• [Problem to solve]:
In your copy, leave out all pictures and reproduce every entry exactly.

--- Task inputs ---

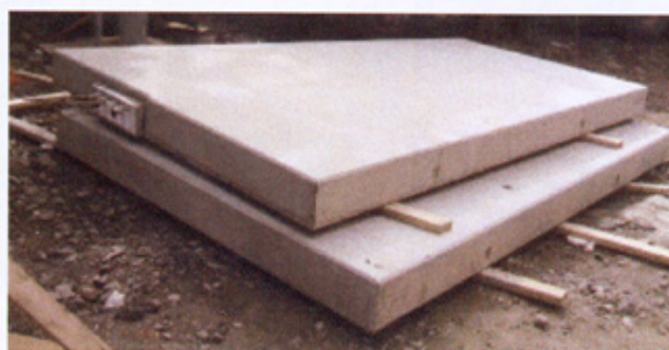
Balkongelementer med Isokorb Type Q
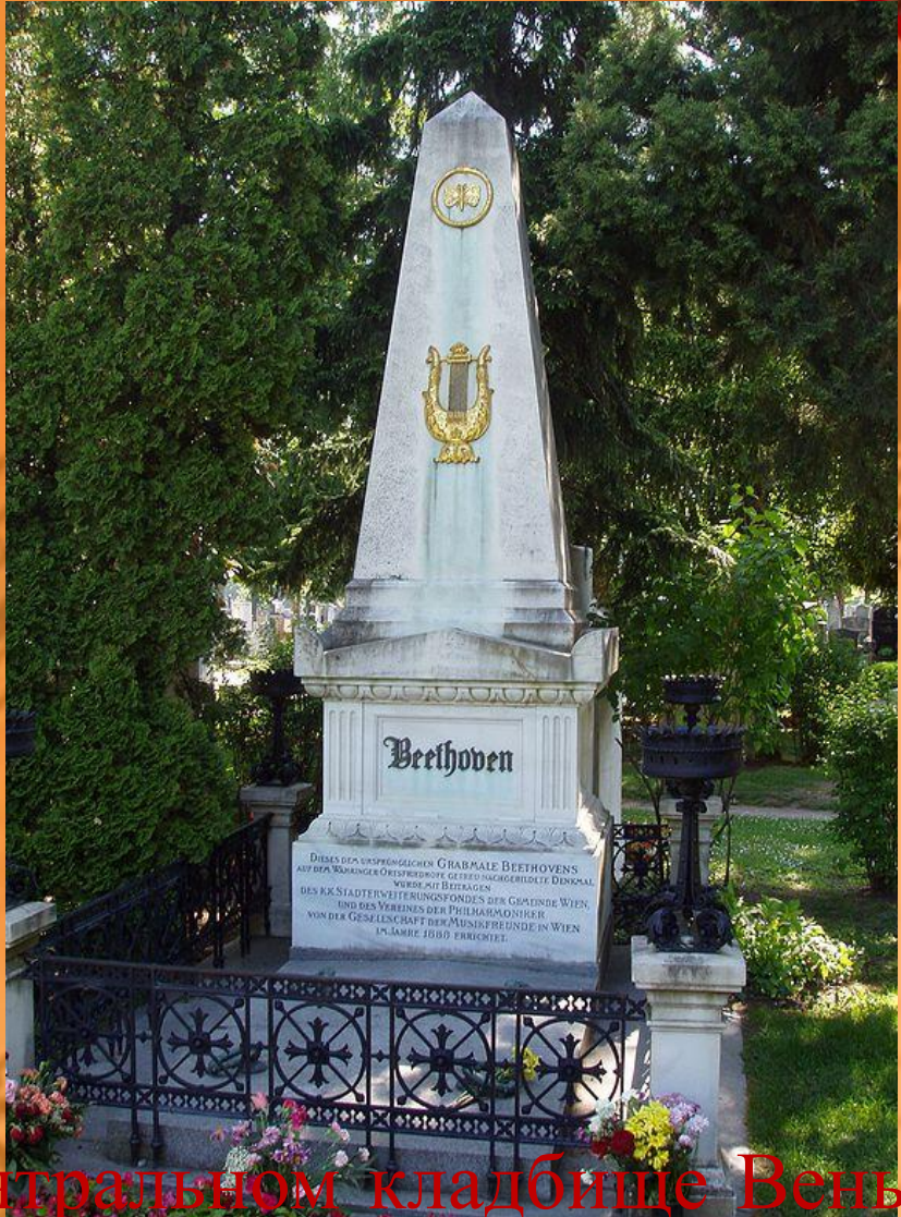
Могила Бетховена на центральном кладбище Вены в Австрии.
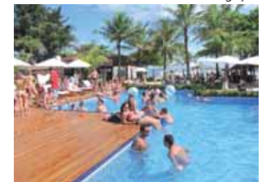
De frente para o mar: piscina, música eletrônica...
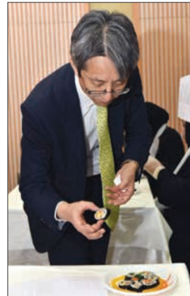
السفير الكوري يتذوق أحد الأطباق

انطلقت مساء أول من أمس فعاليات «الأسبوع الثقافي الكوري» في الكويت بمهرجان أطعمة الشارع الكوري في مبنى السفارة بالمنطقة الدبلوماسية في مشرف. وأكد سفير كوريا الجنوبية هونغ يونغ جي أن السفارة تحتضن الفعالية كل عام وتتضمن مسابقة لطهي الطعام الكوري الشعبي بمشاركة كبيرة من طلبة المدارس والجامعات من الكويتيين والمقيمين الذين يتضاعف عددهم عاما بعد عام، موضحا أنهم سينظمون يوم غد الأربعاء أمسية الفيلم الكوري في سينما سكيب بالساحة في تمام الساعة 6 مساء، وتليها يوم الخميس مسابقة الأغاني الكورية المقررة في تمام الساعة 6 مساء بمعنى السفارة بمشاركة الكثير من الشباب الكويتي الذين أصبح بعضهم يتقن الغناء باللغة الكورية. وأضاف أن مثل هذه الفعاليات تعمل على تقريب شعبي البلدين بشكل كبير، لافتا إلى أن الديوانية الكورية الكويتية قامت بالعديد من الفعاليات التي ساهمت في هذا الأمر، مبديا إعجابه الشديد بما لاحظته من إقبال
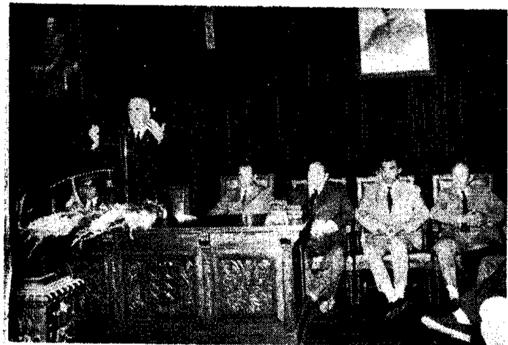
Presidencia del acto de apertura.

En Pravia comenzó ayer el IV Certamen de flores, hortalizas y frutas, que en esta edición amplia su participación a toda la región asturiana, tras tres concursos comarcales en los que tomaban parte los siete concejos de aquella comarca. La organización del Ayuntamiento, de los Servicios Agropecuarios de la Diputación y de la Cámara San-
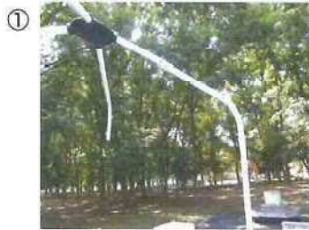
① 曲げパイプに柱パイプを差し込みます。
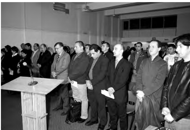
به‌شیک له ئاماده‌بووانی کۆره‌که
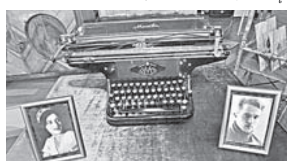
Эта машинка видела, как рождаются гениальные стихи.

Светлана АЛЕКСАНДРОВА
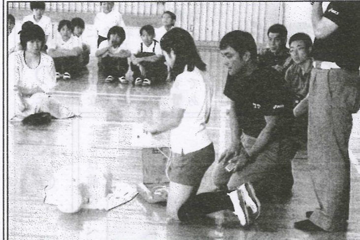
みんなの前でAEDの訓練をする5年生

水泳シーズンを前に、さくら小で救急救命講習会が6月19日(火)に開かれました。保護者や地域の方のほか、今年は5・6年生も参加し、阿東消防署のお話に熱心に聞き入っていました。
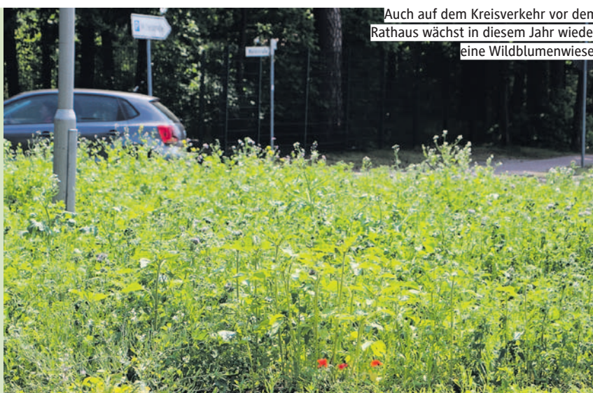
Auch auf dem Kreisverkehr vor dem Rathaus wächst in diesem Jahr wieder eine Wildblumenwiese.

Bei dem Saatgut handelt es sich teilweise um die Mischung, die die Stadt im Rahmen des Bürgerhaushaltsprojektes „Insektenfreundliches Saat“ an interessierte Bürgerinnen und Bürger herausgegeben hat, und um weiteres gebietsheimisches Saatgut, empfohlen vom NABU. (Text/Foto: sk)
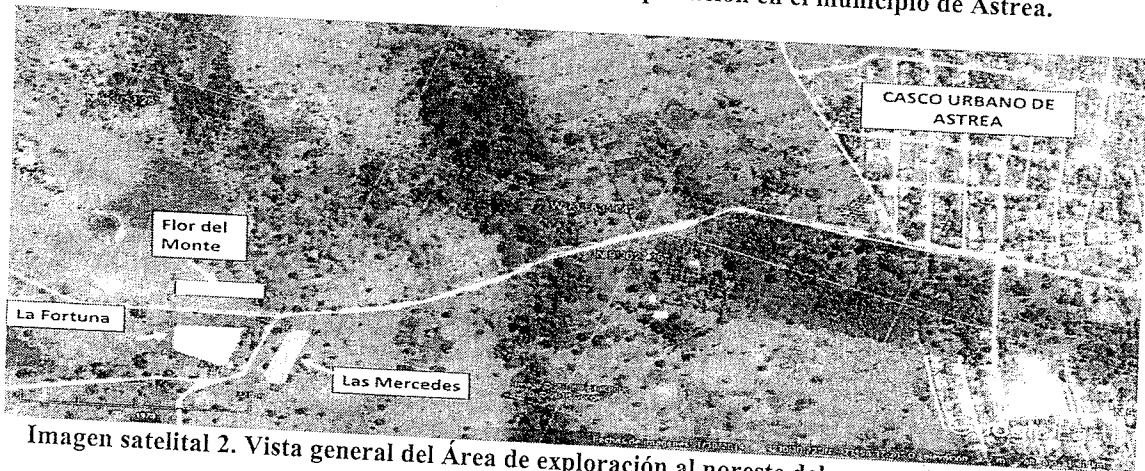
Imagen satelital 2. Vista general del Área de exploración al noreste del casco urbano de Astrea.
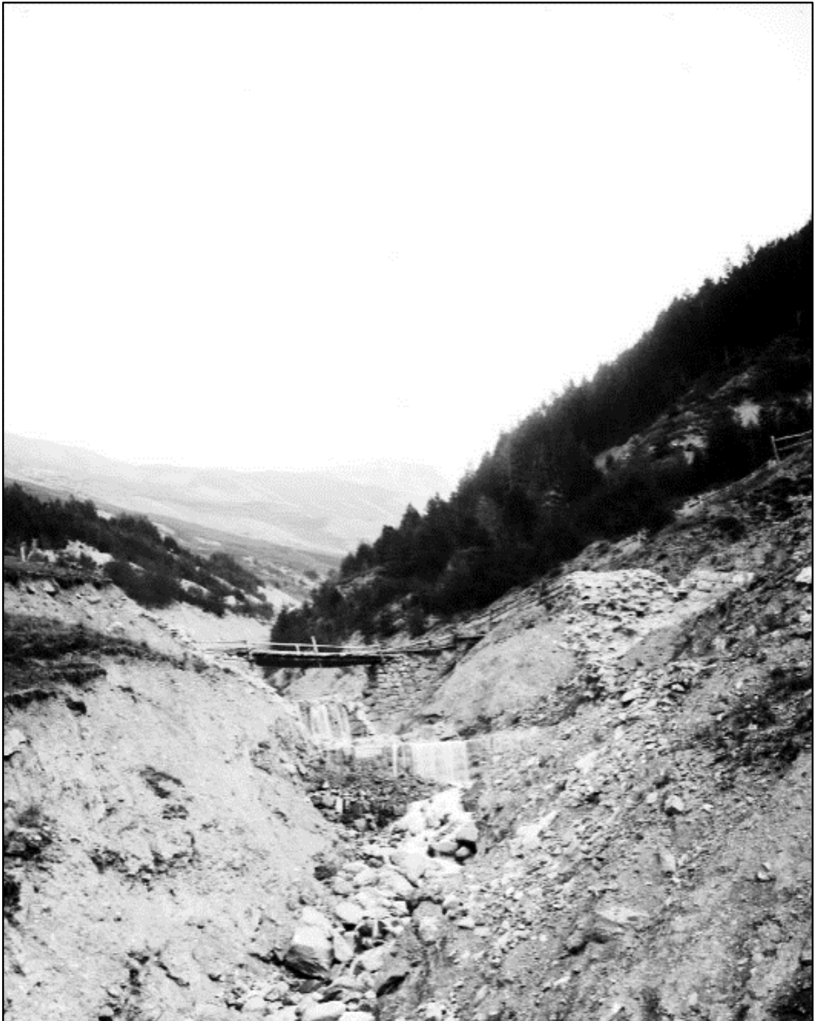
Image 12 : Torrent de Chagnon. Pont barrage n°24, barrage 25/2 et contre barrage » (1904)

Retour au pont de la Salce deux ans après, avec un contexte tourmenté et un intérêt qui provient du massif maçonné sur la droite. Zoom.
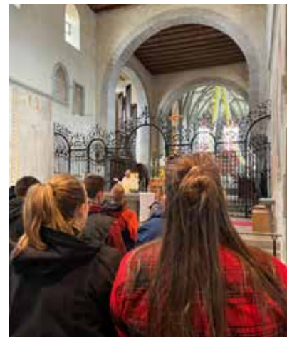
Die Fahrt beginnt mit einem Gottesdienst im Münster Reichenau.

Willkommen am Affenberg in Salem, im Alpenwildpark auf dem Pfänder in Bregenz und im Freizeit- und Wildpark in Allensbach. Während dieser Studienfahrt war kein wildes Tier vor uns sicher. Den Affenberg in Salem erkundeten wir Donnerstagnachmittag in Kleingruppen. Die Mitarbeitenden erklärten uns das dahinterstehende Konzept: Die Berberaffen, die eigentlich in Nordafrika leben,
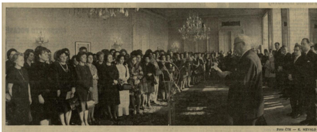
Příloha 15: Ženy u prezidenta L. Svobody na Pražském hradě na titulní straně; RP, 8. března 1972
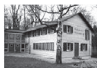
WALLISELLEN Mit eigener Arena und grosser, gedeckter Feuerstelle.
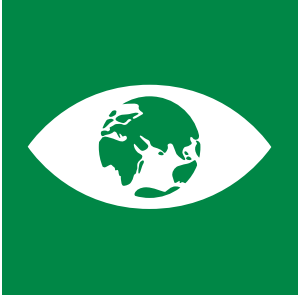
İklim Değişikliği ve Uyum Eğitimi
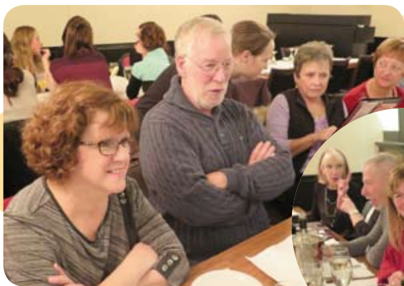
Les membres de l'Outaouais ont apprécié le repas de Noël
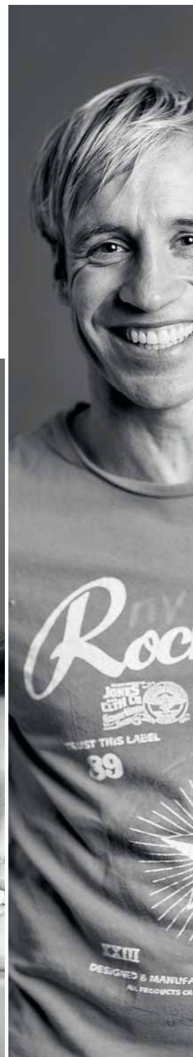
PIRMIR UMBRICHT WEIN & GEMÜSE UMBRICHT UNTERSIGGENTHAL | AG
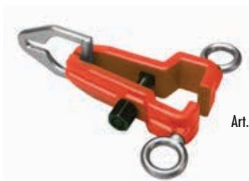
Art. 140 Pinza Pull clamp
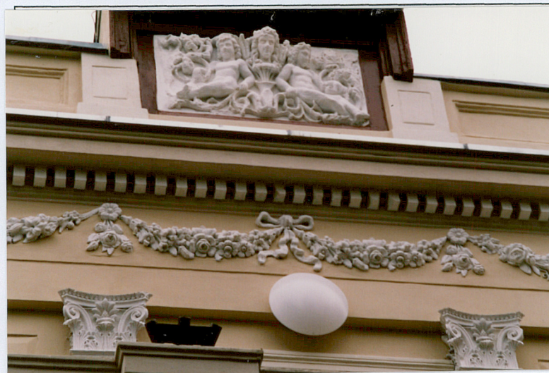
5. Dekoracja nad portykiem.
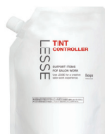
レセ ティントコントローラー 【脱染剤】 300g 医薬部外品
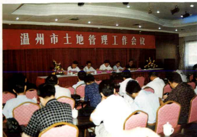
全市土地管理工作会议
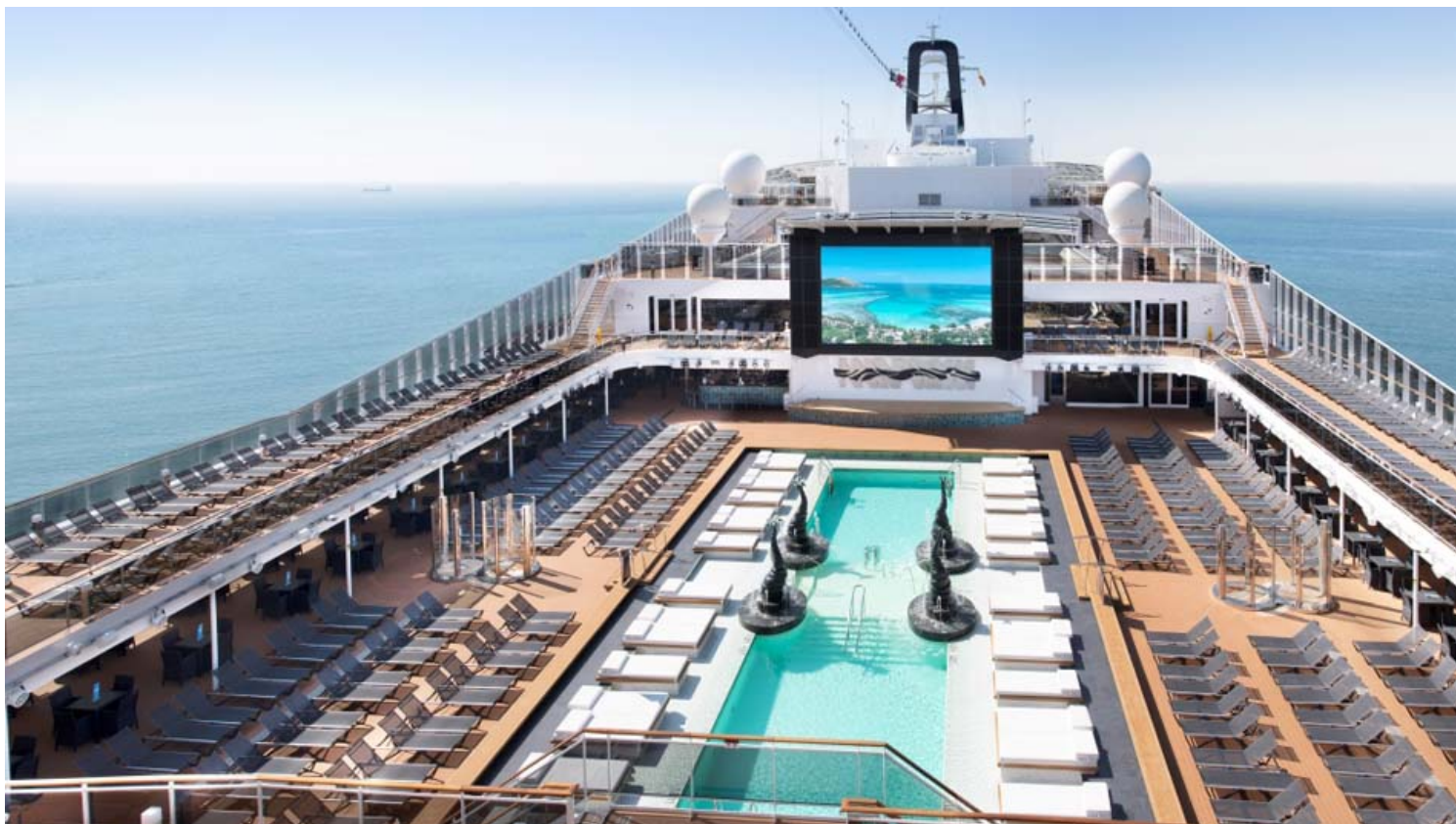
MSC Virtuosa סיפון הבריכה.
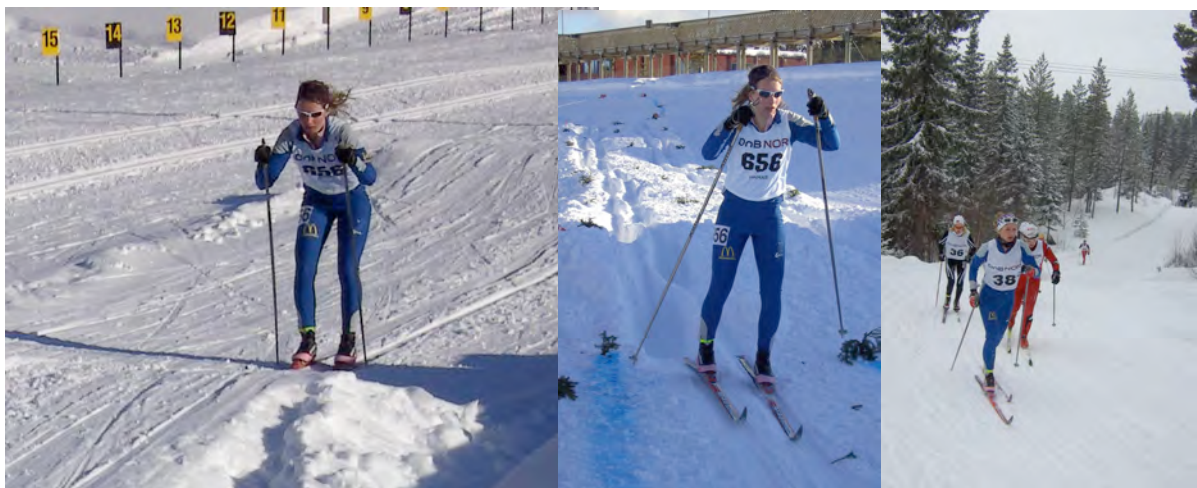
Skiicross og stafett

---

• [Reply]:
Balkongelementer med Isokorb Type Q
Могила Бетховена на центральном кладбище Вены в Австрии.
De frente para o mar: piscina, música eletrônica...
السفير الكوري يتذوق أحد الأطباق

انطلقت مساء أول من أمس فعاليات «الأسبوع الثقافي الكوري» في الكويت بمهرجان أطعمة الشارع الكوري في مبنى السفارة بالمنطقة الدبلوماسية في مشرف. وأكد سفير كوريا الجنوبية هونغ يونغ جي أن السفارة تحتضن الفعالية كل عام وتتضمن مسابقة لطهي الطعام الكوري الشعبي بمشاركة كبيرة من طلبة المدارس والجامعات من الكويتيين والمقيمين الذين يتضاعف عددهم عاما بعد عام، موضحا أنهم سينظمون يوم غد الأربعاء أمسية الفيلم الكوري في سينما سكيب بالساحة في تمام الساعة 6 مساء، وتليها يوم الخميس مسابقة الأغاني الكورية المقررة في تمام الساعة 6 مساء بمعنى السفارة بمشاركة الكثير من الشباب الكويتي الذين أصبح بعضهم يتقن الغناء باللغة الكورية. وأضاف أن مثل هذه الفعاليات تعمل على تقريب شعبي البلدين بشكل كبير، لافتا إلى أن الديوانية الكورية الكويتية قامت بالعديد من الفعاليات التي ساهمت في هذا الأمر، مبديا إعجابه الشديد بما لاحظته من إقبال
Presidencia del acto de apertura.

En Pravia comenzó ayer el IV Certamen de flores, hortalizas y frutas, que en esta edición amplia su participación a toda la región asturiana, tras tres concursos comarcales en los que tomaban parte los siete concejos de aquella comarca. La organización del Ayuntamiento, de los Servicios Agropecuarios de la Diputación y de la Cámara San-
① 曲げパイプに柱パイプを差し込みます。
به‌شیک له ئاماده‌بووانی کۆره‌که
Эта машинка видела, как рождаются гениальные стихи.

Светлана АЛЕКСАНДРОВА
みんなの前でAEDの訓練をする5年生

水泳シーズンを前に、さくら小で救急救命講習会が6月19日(火)に開かれました。保護者や地域の方のほか、今年は5・6年生も参加し、阿東消防署のお話に熱心に聞き入っていました。
Auch auf dem Kreisverkehr vor dem Rathaus wächst in diesem Jahr wieder eine Wildblumenwiese.

Bei dem Saatgut handelt es sich teilweise um die Mischung, die die Stadt im Rahmen des Bürgerhaushaltsprojektes „Insektenfreundliches Saat“ an interessierte Bürgerinnen und Bürger herausgegeben hat, und um weiteres gebietsheimisches Saatgut, empfohlen vom NABU. (Text/Foto: sk)
Imagen satelital 2. Vista general del Área de exploración al noreste del casco urbano de Astrea.
Image 12 : Torrent de Chagnon. Pont barrage n°24, barrage 25/2 et contre barrage » (1904)

Retour au pont de la Salce deux ans après, avec un contexte tourmenté et un intérêt qui provient du massif maçonné sur la droite. Zoom.
Die Fahrt beginnt mit einem Gottesdienst im Münster Reichenau.

Willkommen am Affenberg in Salem, im Alpenwildpark auf dem Pfänder in Bregenz und im Freizeit- und Wildpark in Allensbach. Während dieser Studienfahrt war kein wildes Tier vor uns sicher. Den Affenberg in Salem erkundeten wir Donnerstagnachmittag in Kleingruppen. Die Mitarbeitenden erklärten uns das dahinterstehende Konzept: Die Berberaffen, die eigentlich in Nordafrika leben,
Příloha 15: Ženy u prezidenta L. Svobody na Pražském hradě na titulní straně; RP, 8. března 1972
WALLISELLEN Mit eigener Arena und grosser, gedeckter Feuerstelle.
İklim Değişikliği ve Uyum Eğitimi
Les membres de l'Outaouais ont apprécié le repas de Noël
PIRMIR UMBRICHT WEIN & GEMÜSE UMBRICHT UNTERSIGGENTHAL | AG
Art. 140 Pinza Pull clamp
5. Dekoracja nad portykiem.
レセ ティントコントローラー 【脱染剤】 300g 医薬部外品
全市土地管理工作会议
MSC Virtuosa סיפון הבריכה.
Skiicross og stafett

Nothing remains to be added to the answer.